L’étude, financée par le ministère de l’Agriculture, des Pêcheries et de l’Alimentation du Québec, visait à analyser le lait produit par 14 fermes participantes pendant huit mois par rapport à différents éléments, comme le nombre de cellules somatiques, le taux de gras, l’urée et le taux de protéines. Les dernières données disponibles sur ces aspects dataient de 2014 et provenaient d’un petit échantillon peu représentatif « de 5-6 fermes », rapporte Johanne Cameron, agronome et consultante en production ovine, lors d’une entrevue accordée à La Terre, après la présentation des résultats. C’est elle qui a été mandatée par Les Éleveurs d’ovins du Québec pour réaliser la nouvelle étude.
Les résultats ont d’ailleurs surpris quant au nombre moyen de cellules somatiques moyen, établi à 400 000, alors que la référence de 2014 faisait plutôt état d’un taux moyen de 800 000.
Cela démontre que la majorité des producteurs travaillent bien, même s’il y a encore des progrès à faire. Ce taux correspond grosso modo aux normes en vigueur du côté européen.
Vers un contrôle laitier plus régulier?

Le contrôle laitier effectué chez Lactanet a par ailleurs prouvé son efficacité pour de nombreux producteurs qui se sont soumis à l’exercice, et qui ont réussi, à la lumière des résultats de leurs échantillons, à réajuster leur régie ou à identifier une brebis problématique pour améliorer la qualité de leur production. En fin de parcours, 98,3 % des fermes participantes répondaient aux exigences de qualité, contre 82 % au début, c’est-à-dire en février 2025, rapporte Mme Cameron.
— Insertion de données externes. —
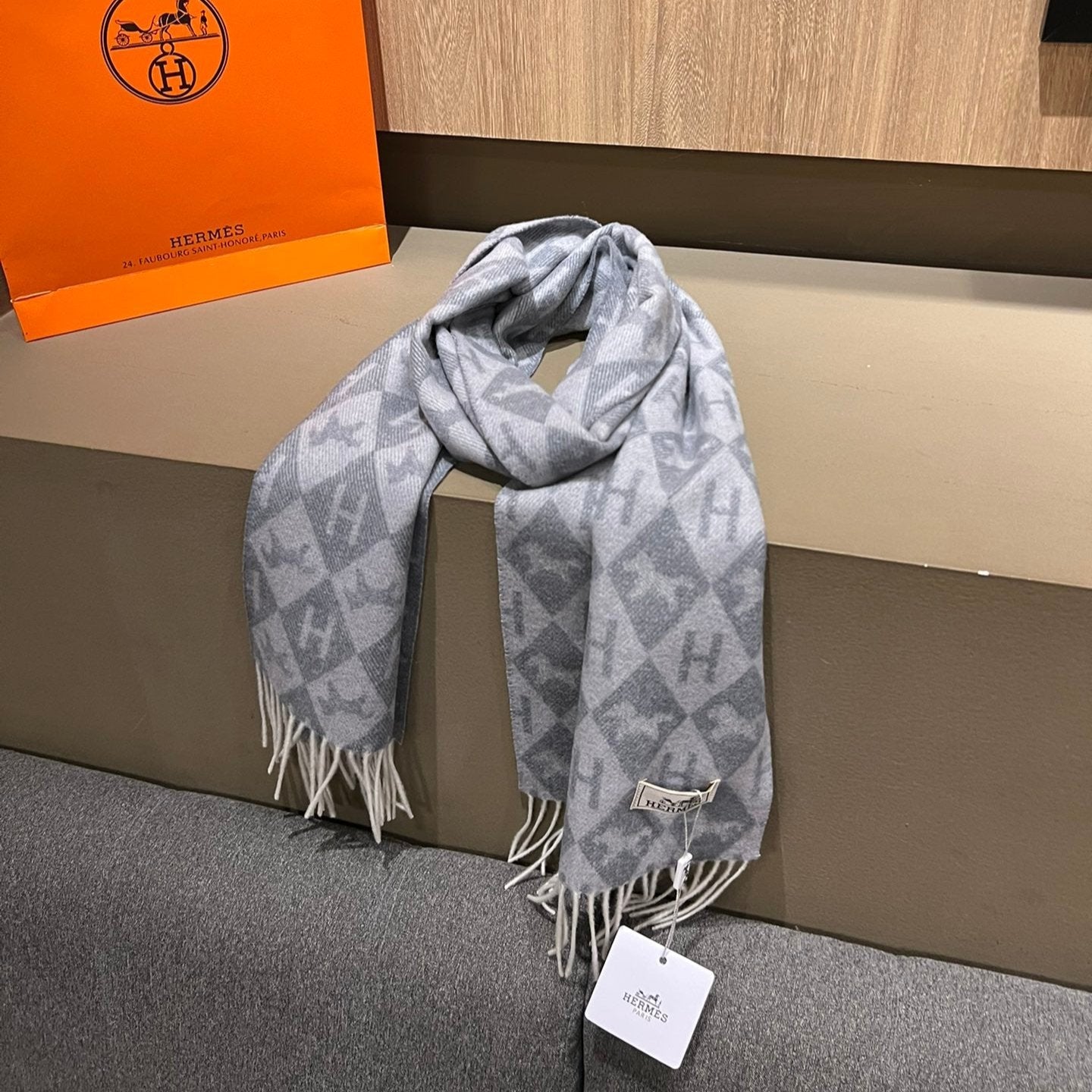 SCARF 220 CM IN WHITE MIX LIGHT GRAY MONOGRAM CASHMERE AND WOOL 413657

Le taux de gras mesuré dans la production québécoise varie quant à lui un peu plus selon les producteurs qui sont saisonniers et ceux qui produisent à l’année. « Pour ceux qui transforment eux-mêmes leur lait, ça ne cause pas vraiment de problème. Or, pour ceux qui vendent leur production à un transformateur, cet aspect devra être mieux contrôlé, car les fromageries cherchent une uniformité dans le taux de gras », mentionne la consultante.
Plusieurs autres données comme l’urée et le taux de protéines offriront également des pistes d’amélioration pour la filière du lait de brebis, qui souhaite, avec cette étude, mieux planifier son développement dans un contexte où la demande des transformateurs pour le lait de brebis surpasse l’offre.